Hypoxia and ischemia regulate the expression of several important genes at the level of transcription and of mRNA stability. An isoform of poly (rC)-binding protein (Protein Pcbp1), previously identified as an RNA-binding protein, binds to a hypoxia-inducible protein-binding site in the 3′ region of erythropoietin mRNA and regulates stability [56, 57]. Protein Pcbp1 is downregulated in our proteomic analysis; however, Western blot did not demonstrate significant misregulation. The embryonic phenotype is consistent with reduced hematopoiesis in this FASD model [12]. Since Pcbp1 protects erythropoietin mRNA, we hypothesize that downregulation of Pcbp1 may be the mechanism for decreased hematopoiesis.

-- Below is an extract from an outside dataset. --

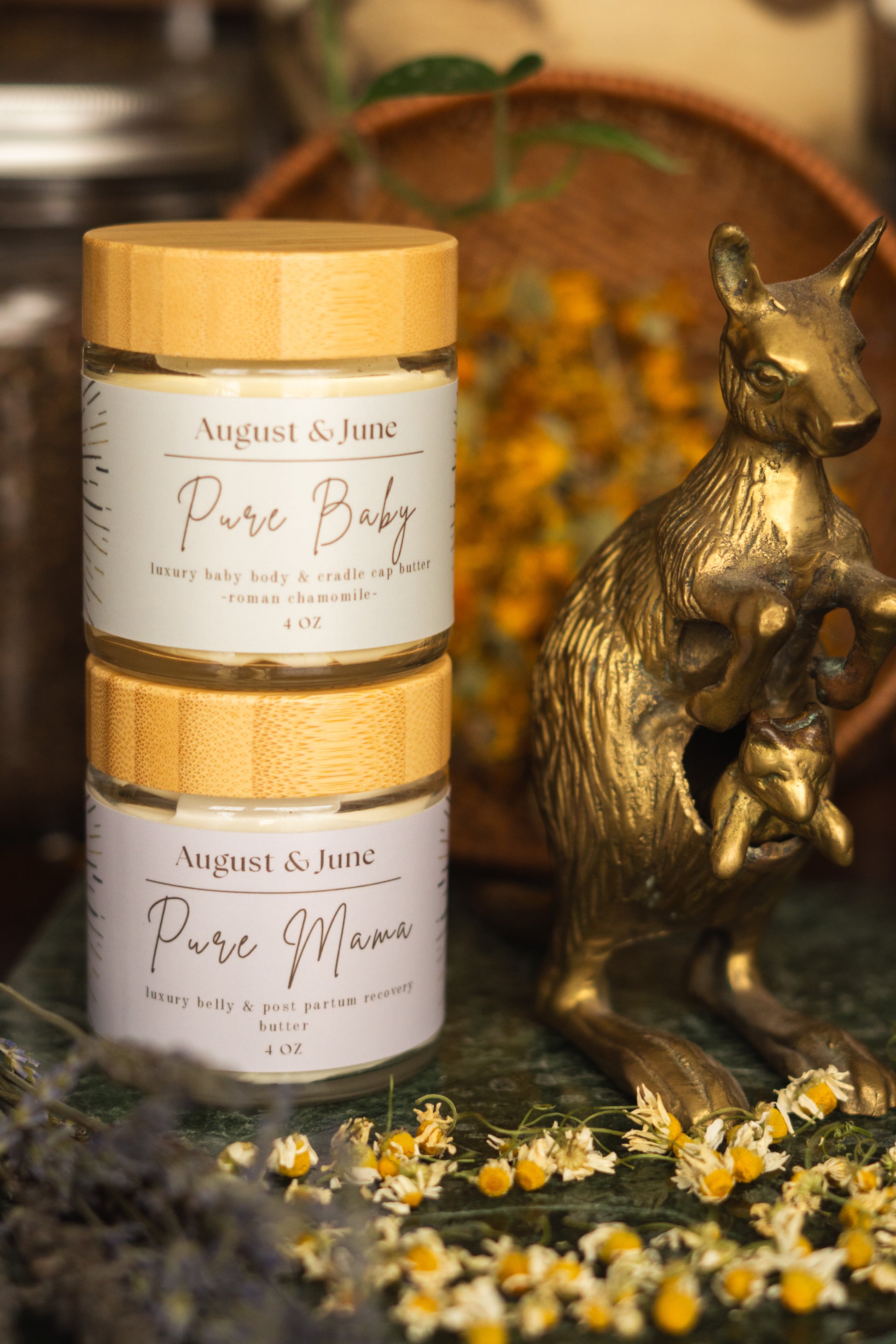 Pure Mama is a pregnancy-safe, 100% organic body butter formulated to deeply nourish and support skin through pregnancy, postpartum, and beyond.
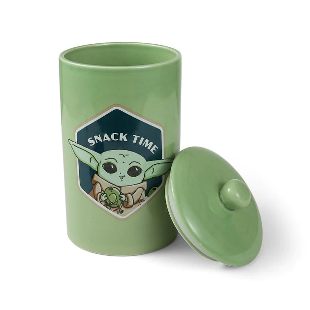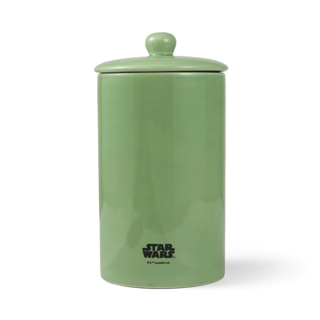 Treat jars don’t have to be an eyesore. Festoon your countertop with the Fetch For Pets Star Wars Mandalorian Snack Time Dog Treat Jar. This high-quality ceramic jar is a durable solution for pet food and treat storage, complete with a silicone lid seal to help lock in freshness. The jar features a Star Wars Mandalorian and Baby Yoda design and is easy to clean on the top rack of your dishwasher.

Galectin-2, which is expressed in differentiated enteric tissue [58], is downregulated in our analysis. Previous experiments in Xenopus embryos have shown that alcohol exposure causes fetal enteric damage and reduced body length [59]. We hypothesize that downregulation of galectin-2 in our FASD model reflects gut underdevelopment.

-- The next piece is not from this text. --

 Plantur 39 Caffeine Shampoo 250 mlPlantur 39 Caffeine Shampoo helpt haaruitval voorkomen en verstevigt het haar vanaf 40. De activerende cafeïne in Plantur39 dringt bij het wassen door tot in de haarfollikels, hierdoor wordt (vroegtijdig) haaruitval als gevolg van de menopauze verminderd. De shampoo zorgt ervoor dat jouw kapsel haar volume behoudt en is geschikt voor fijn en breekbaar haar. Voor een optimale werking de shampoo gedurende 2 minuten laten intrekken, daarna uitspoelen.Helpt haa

In summary, alcohol exposure during the period of early neurulation results in an alcohol-signature protein profile. This profile should contribute to (1) generation of testable new hypotheses concerning the mechanistic pathway from protein misregulation to alcohol-induced teratogenesis and (2) development of clinical biomarkers of prenatal alcohol exposure. We identified proteins (serotransferrin, Ube2N) known to be involved in development of the nervous system, and that the NF-κB cascade and the transcription factor Myc may be specifically involved in alcohol-induced teratology. These misregulated proteins may reflect altered cellular pathways secondary to epigenetic, posttranscriptional, or morphologic changes.